FICUNAM | ‘Chevalier’: Los juegos de Narciso

Eímai o kalýteros

El concepto de virilidad y masculinidad se han visto sometidos a una serie de cambios y transformaciones más o menos continuas durante las últimas décadas, pero en esencia han persistido  muchas de sus características mas indelebles y primitivas a lo largo del tiempo, siendo una de las más arraigadas la de la competitividad. En cualquiera de sus modalidades, el hombre contemporáneo padece una insatisfacción crónica al comparar sus habilidades con las de otro hombre, se mide y mide a los demás compulsivamente buscando reafirmar su superioridad, o cuando menos, la ilusión de la misma.

La cineasta griega Athina Rachel Tsangari, después de haber explorado los lazos femeninos desde su ángulo mas extraño y revelador en Attenberg (2010), y de manera institucional en el estilizado mediometraje The Capsule (2012), vira hacia un grupo de afluentes amigos en un yate en medio del Mar Egeo y que en medio de su lujoso aburrimiento deciden organizar un juego, que como todos, habrá de terminar en pleitos y enervante tensión: en base a subjetivos puntajes deberán decidir quién de ellos es “el mejor hombre” juzgando absolutamente todo lo que hacen.

El punto argumental, como en una gran mayoría del cine griego contemporáneo (Lanthimos, Aravanas) resulta atractivo y se presta a agudas observaciones sobre la conducta humana.
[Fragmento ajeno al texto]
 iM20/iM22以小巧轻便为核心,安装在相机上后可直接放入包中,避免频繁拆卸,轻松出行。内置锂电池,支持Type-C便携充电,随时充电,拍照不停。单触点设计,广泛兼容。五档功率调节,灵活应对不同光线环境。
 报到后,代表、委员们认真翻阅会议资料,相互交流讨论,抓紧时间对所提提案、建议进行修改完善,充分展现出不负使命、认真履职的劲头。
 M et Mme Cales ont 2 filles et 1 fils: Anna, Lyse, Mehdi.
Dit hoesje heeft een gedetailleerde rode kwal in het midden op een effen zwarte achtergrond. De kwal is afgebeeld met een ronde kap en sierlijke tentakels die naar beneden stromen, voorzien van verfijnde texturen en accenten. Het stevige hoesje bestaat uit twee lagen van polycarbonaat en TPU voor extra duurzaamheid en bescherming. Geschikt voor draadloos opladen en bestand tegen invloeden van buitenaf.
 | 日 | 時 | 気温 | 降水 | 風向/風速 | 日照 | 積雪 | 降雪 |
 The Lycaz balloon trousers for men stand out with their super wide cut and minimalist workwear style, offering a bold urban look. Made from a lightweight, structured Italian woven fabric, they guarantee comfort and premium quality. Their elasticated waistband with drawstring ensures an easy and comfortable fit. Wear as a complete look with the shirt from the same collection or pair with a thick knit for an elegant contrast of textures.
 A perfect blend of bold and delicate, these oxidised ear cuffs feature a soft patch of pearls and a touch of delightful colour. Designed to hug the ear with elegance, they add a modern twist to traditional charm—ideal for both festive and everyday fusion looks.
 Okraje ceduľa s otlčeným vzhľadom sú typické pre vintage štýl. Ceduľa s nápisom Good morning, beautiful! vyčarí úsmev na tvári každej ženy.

La dinámica entre este heterogéneo grupo de hombres implica una personometría radical, desde calificar y cuestionar las posturas al dormir, sin olvidar desde luego la musculatura, la inteligencia, el estilo de su ringtone y evidentemente, el tamaño, durabilidad y forma de una erección.

Tsangari presenta a su ensamble como un príapico (en referencia a la figura mitológica de Priapo) grupo de inseguros infantiloides, adeptos a la cultura Men’s Health y sus códigos de comportamiento masculino, enfrascados en un juego que después de varios días, se vuelve tedioso y repetitivo, dejando de lado el lúdico goce y entrando en juego la fragmentación de sus psiques, tal como en aquel exasperante y macabramente divertido juego en La ruleta china (1978) del maestro alemán Rainer Werner Fassbinder.

Al final, Chevalier se desprende de la masculinidad para generar un comentario de mayor alcance sobre las relaciones de clase, mostrando como los sirvientes del yate comienzan a hacer sus pronósticos sobre los ganadores  e incluso a replicar con mayor austeridad las dinámicas de interacción de los “patrones”, muy a la Renoir (La regle du jeu, 1939) o Altman (Gosford Park, 2001). Sin embargo, en el juego de los narcisos no hay ningún ganador, solo un grupo de perdedores que creen que ganaron.